At the moment, advertising networks put cookies onto a user’s browser to track them across sites they serve to. Based on where that cookie has been spotted, contextual and behavioural targeting is used to decide which ads get seen.
What has vexed the Article 29 Working Party is the notion that this is informed consent. As it points out, three of the four leading web browsers come with a default setting to accept all cookies. Few consumers every change that, even if some routinely delete the cookies in their cache.
So the opinion is that networks – and software vendors – need to come up with a mechanism to allow for actual informed consent to be captured. It must also be quick and easy for consumers to change their mind and withdraw that consent.
Any suggestions as to how this can be done should be directed to Brussels. Given the influence this group has, expect regulation to emerge fairly swiftly. And it will be the digital marketing industry that is expected to work out how to comply – the EC will not be offering any help, just changing the rules.
Just to make last Thursday even more memorable, the European Commissioner for Justice decided that the UK has not given the Information Commissioner all the powers he should have under the Data Protection Directive. At issue here is that British courts have the final say over deletion or alteration of personal data, not the ICO.
As part of an escalation of its dispute with the UK, the EC has gone to stage two of its process and given the British Government two months to respond with a plan. It will be interesting to watch Kenneth Clarke chew that one over. Prior to the election, the Conservatives were talking up the ICO as one of the great agencies of the state, which may indicate a willingness to give way.

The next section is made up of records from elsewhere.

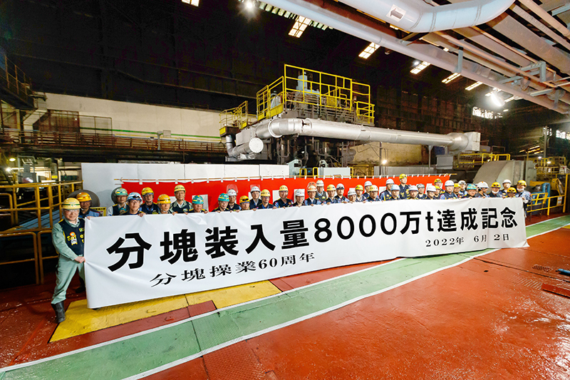 分塊圧延工場は、製鋼プロセスで製造した鋳片や鋼塊を再加熱し、当社の主力素材供給工場として主に半製品である鋼片と、直径70~310ミリメートルの分塊丸断面製品を製造している工場です。1962年の操業開始以降、1976年に分塊装入量累計1,000万トンを記録してからは6~7年ごとに1,000万トンのペースで生産を積み重ね、操業60周年を迎えた2022年に8,000万トンを達成しました。
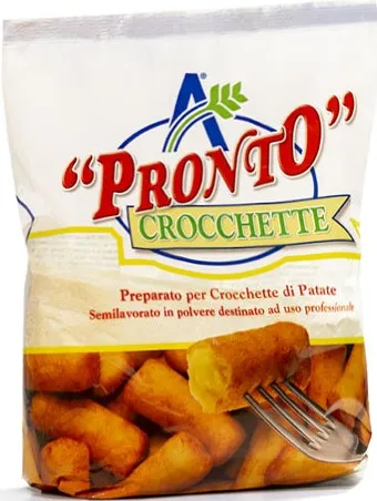 E’ il nuovo preparato per crocchette di patate di ADEA. Con Pronto Crocchette è possibile preparare in pochi minuti soffici e succulente crocchette di patate pronte per essere fritte. Grazie all’accurata selezione delle materie prime, il prodotto finito risulterà croccante all’esterno e morbido all’interno. Pronto Crocchette si conserva a lungo a temperatura ambiente nell’imballo originale, e grazie alla facilità d’uso e alla velocità di realizzazione non richiede di programmare in anticipo la preparazione delle vostre crocchette.
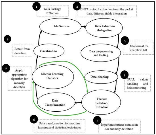 - Steps 2 to 4: After getting the raw data, the engine proceeds to DNP3 protocol extraction with the integration of various fields with pre-processing actions such as contextualization and mapping in order to prepare for loading to the DB. Before that, the engine carries out the data cleaning, removing unwanted fields, carrying out de-noising, and nullifying some fields that match with the DB used in our experiment.
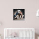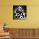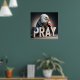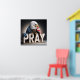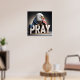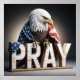 A majestic bald eagle is draped in an American flag, perched above large wooden letters spelling "PRAY."
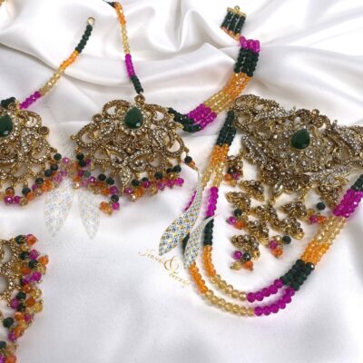 Maiza Hyderabadi Jhummar. Fully handcrafted with clear stones, pearls and bead.
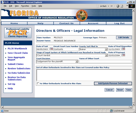 the lawsuit was resolved out of court, select "No Court Proceedings".
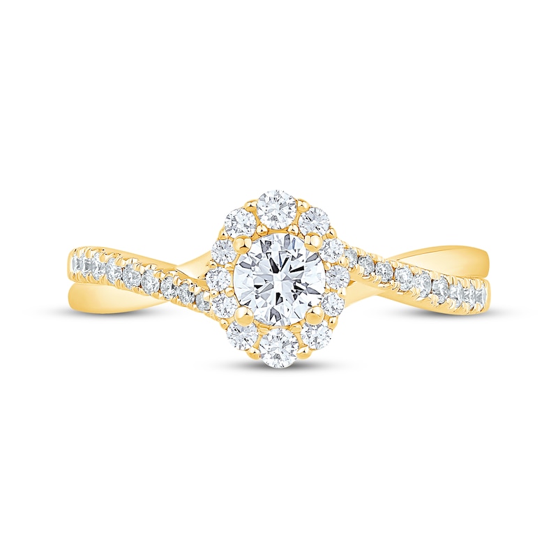 - Round-Cut Diamond Oval-Halo Twist Engagement Ring 5/8 ct tw Yellow Gold Plated
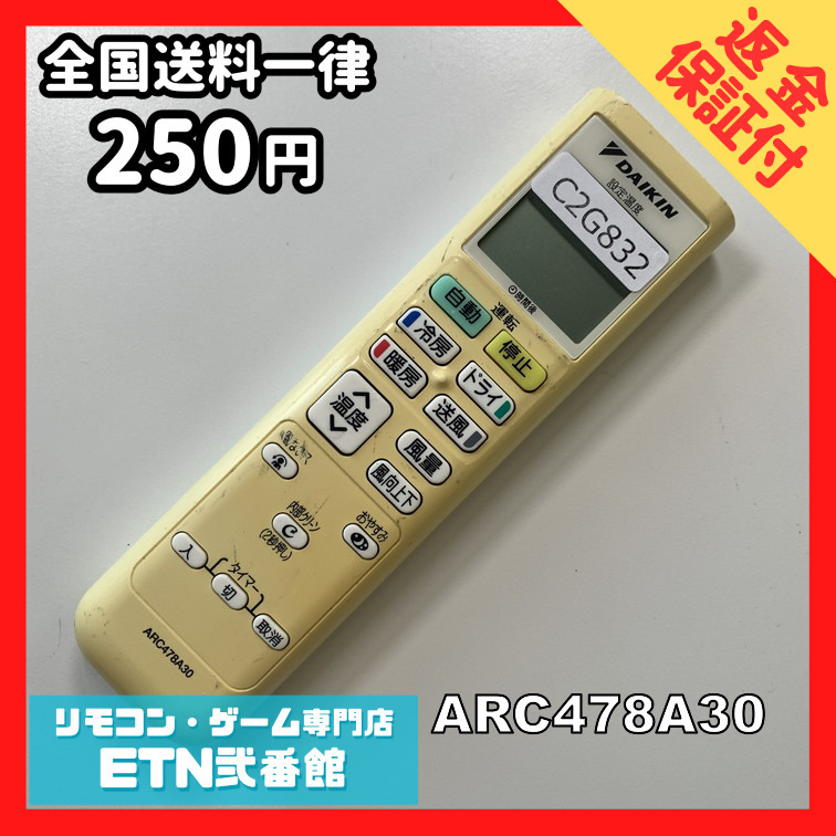 C2G832 【送料250円】エアコン リモコン / Daikin ダイキン ARC478A30 冷房 暖房 動作確認済み★即発送★
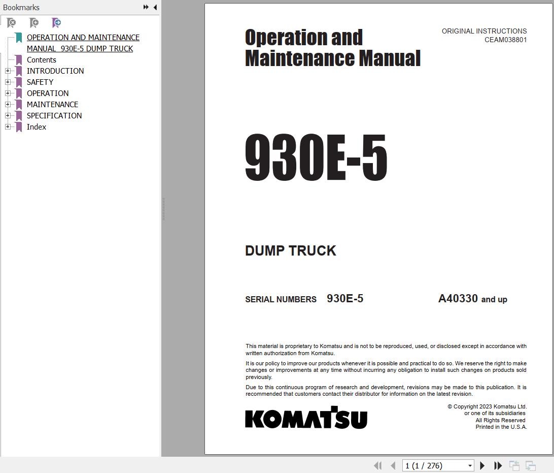 Komatsu 930E-5 Operation & Maintenance Manual CEAM038801
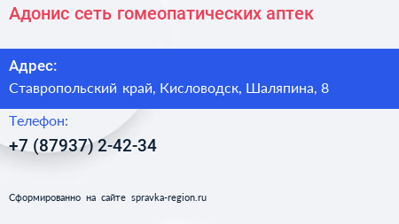 Адонис, сеть гомеопатических аптек по адресу Ставропольский край, Кисловодск, Шаляпина, 8 в дальнейшем Организация, размещена в следующих категориях:
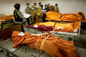 (250506) -- SUMATRA OCCIDENTAL, 6 mayo, 2025 (Xinhua) -- Funcionarios recolectan datos de las víctimas de un accidente de autobús...
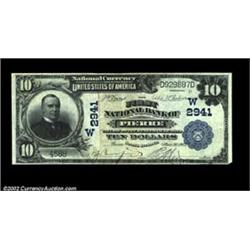 Pierre, SD - $10 1902 Plain Back Fr. 624 The First NB Ch. # (W)2941A most appealing note from the South Dakota state capital. Bright Very Fine, with a tiny corner tip missing well outside of the design. Important notice: We expect to be auctioning lots at the rate of 200-250 per hour. Sometimes eBay Premier live bid software cannot keep up with that pace, so we strongly recommend that you place a realistic proxy bid now as insurance to avoid disappointment. Also please note that all Heritage/CAA lots purchased through eBay Premier carry a 20% Buyer's Premium. Please make sure you read the Terms and Conditions.
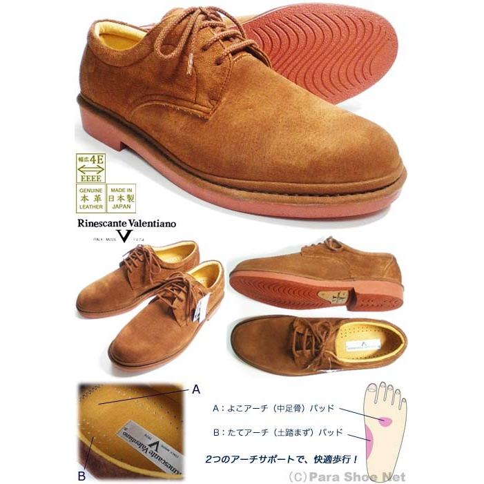 Rinescante Valentiano 本革スエード プレーントウ ビジネスシューズ 茶色(レンガソール) 4E 23cm、23.5cm、24cm
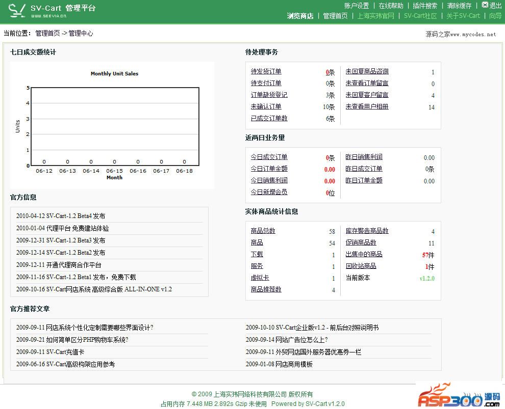 SV-Cart 1.2 beta4 更新日志:•修正品牌管理,显示品牌LOGO的同时显示品牌名称的问题•修正虚拟卡管理,新增或编辑虚拟卡时,跳出乱码的问题•修正商品管理,无法上传商品图片的问题•修正商品管理,商品无法正常编辑的问题•修正邮件地址,发送测试邮件后弹出报错的问题•修正联系我们,网页不存在的问题•修正点击平台右上角的在线帮助,跳出乱码的问题•修正点击平台右上角的google翻译功能无法正常使用的问题
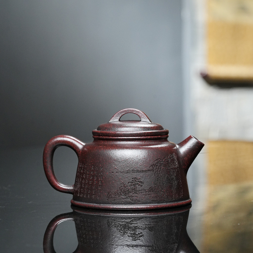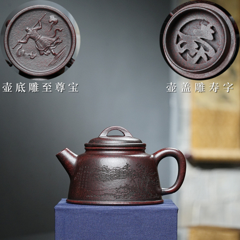 Стіни прикрашені гравіюванням дерева та написом ієрогліфами, що символізує єдність природи та людини. Такий декор перетворює чайник на атрибут роздумів і внутрішньої гармонії.
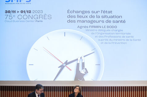 Agnès Firmin le Bodo speaking at the 75th SMPS congress (syndicat des managers publics de santé)
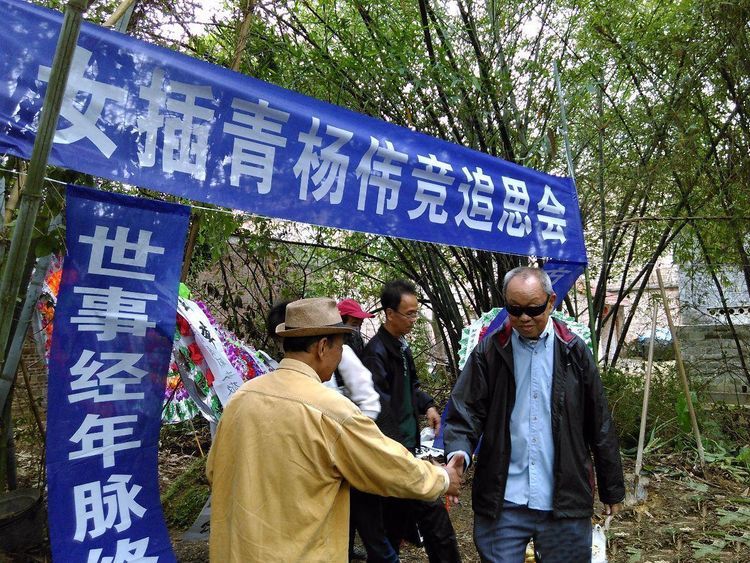 2017年4月19 日玉林知青联谊会在微信群里 发出有关举行杨伟竞追思会公告后,引起老知青们的积极关注, 4月27日终于能在杨伟竞的长眠之地——玉林福绵水岭小屋岭坡举办了公开的迟来的知青杨伟竞的追思会。
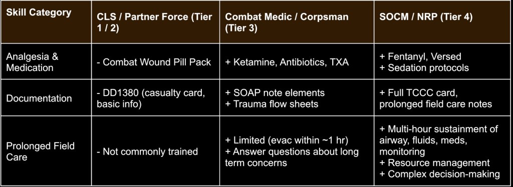 For instance, Medic controls junctional bleeding, provides resuscitation, proper pharm administration, gets airway and then considers bilateral finger thoracostomy based on wound set. 95% of the lane should not be the value of “people die”, which does not take a genius to figure out. Training can not impart that degree of heavy impact, and certainly is not as important as scenarios we can train on how to SAVE lives. Additionally, the context of this scenario matters. If doing this in front of a group of medics as an evaluation, they may understand what is happening. If you decide to throw a “no win” scenario at a medic and his patient dies in front of his infantry platoon, you may ruin their reputation with the unit as they may see the roleplayers death as negative feedback due to medic messing up, which is morale crushing. Once again, being an instructor is mastering your craft and intentional context, not just random training and scenarios. If in a MASCAL, then of course expectant patients are a consideration because more is going on, but as the single TCCC patient it’s low value. If this is during PFC, then the lesson could be running and managing a code and considering H’s and T’s, ROSC management (yes they can code and come back) or even palliative care after telemedicine. This should be avoided, or one minor aspect of the training in this niche example of including it. Remember the first point in this article, training must have an objective.
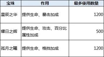 星珠属于资质丹类型,总共分为星辰之华、耀日之辉、孤月之曦三种。不同的星珠加成的属性也截然不同,每个星珠最多可以使用的个数也有所不同。
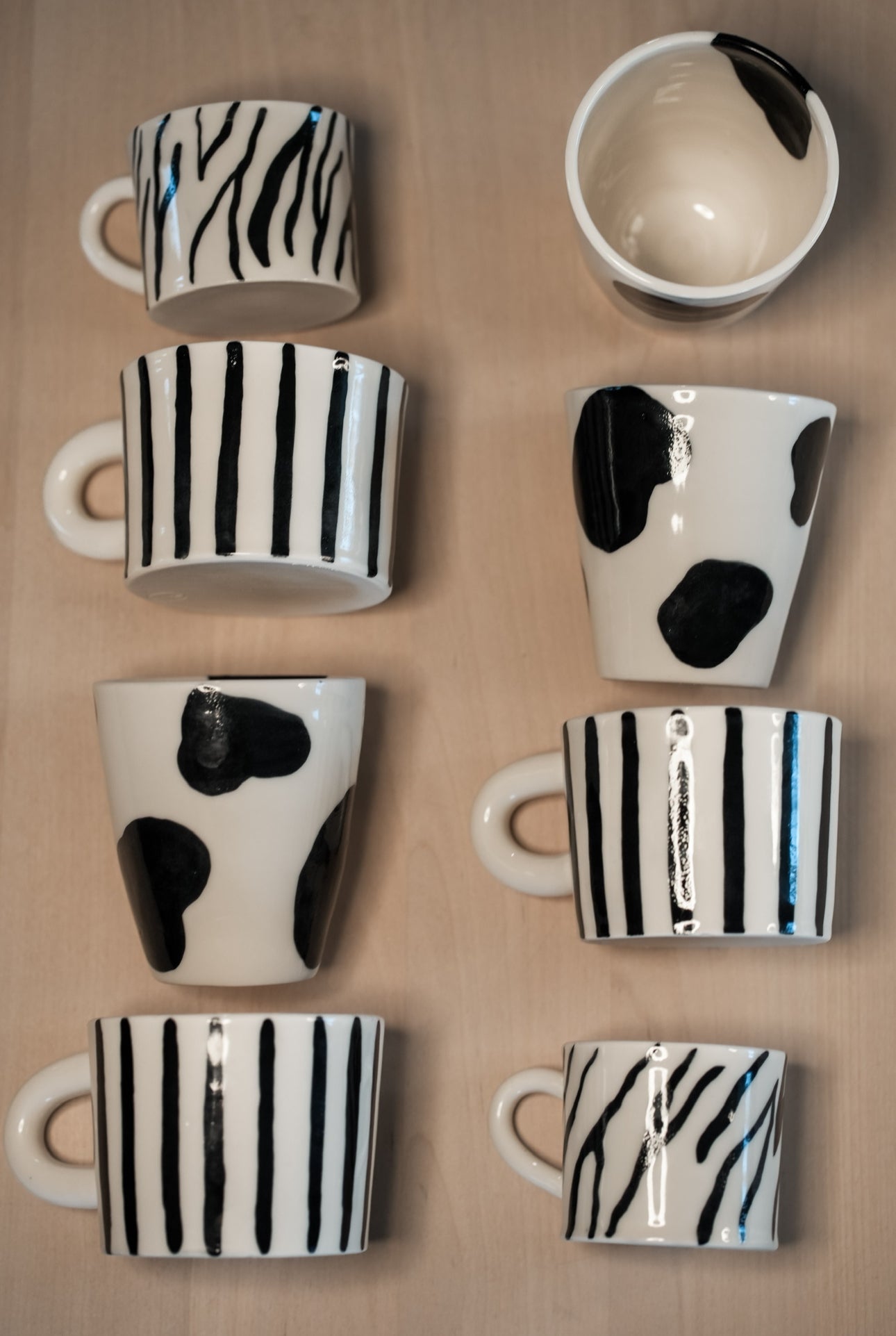 Drejad mugg i porslinslera. Handmålat mönster inspirerat av korasen svensk låglandsboskap.
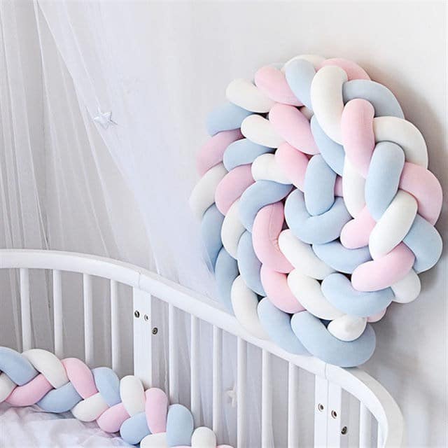 Paracolpi blu rosa bianco intrecciato. Il paracolpi perfetto per neonati e bambini! È realizzato in tessuto di cotone al 100%, che lo rende morbido al tatto e confortevole per il suo bambino. Il paracolpi è facile da indossare e da togliere, quindi può usarlo tutte le volte che vuole. È anche lavabile in lavatrice, in modo da poterlo mantenere pulito e fresco.

It will be some years down the line before anything much happens, especially if the UK undertakes appeals and other delaying tactics. Eventually it will have to comply, making the ICO probably the most powerful regulator in the country.
Data processors have readily accepted the enhanced fines the ICO now wields, even if some large organisations will still arbitrage the penalties of breaching the Data Protection Act with the commercial gains they might make in doing so. When disputes about personal data get settled by the ICO rather than courts of law, however, it might give many companies a real pause for thought.
It has been obvious for some time that the mood within Europe has been to tighten up data regulations considerably. Few of us expected that, like Belgian trams, two such game-changing actions would come at the same time.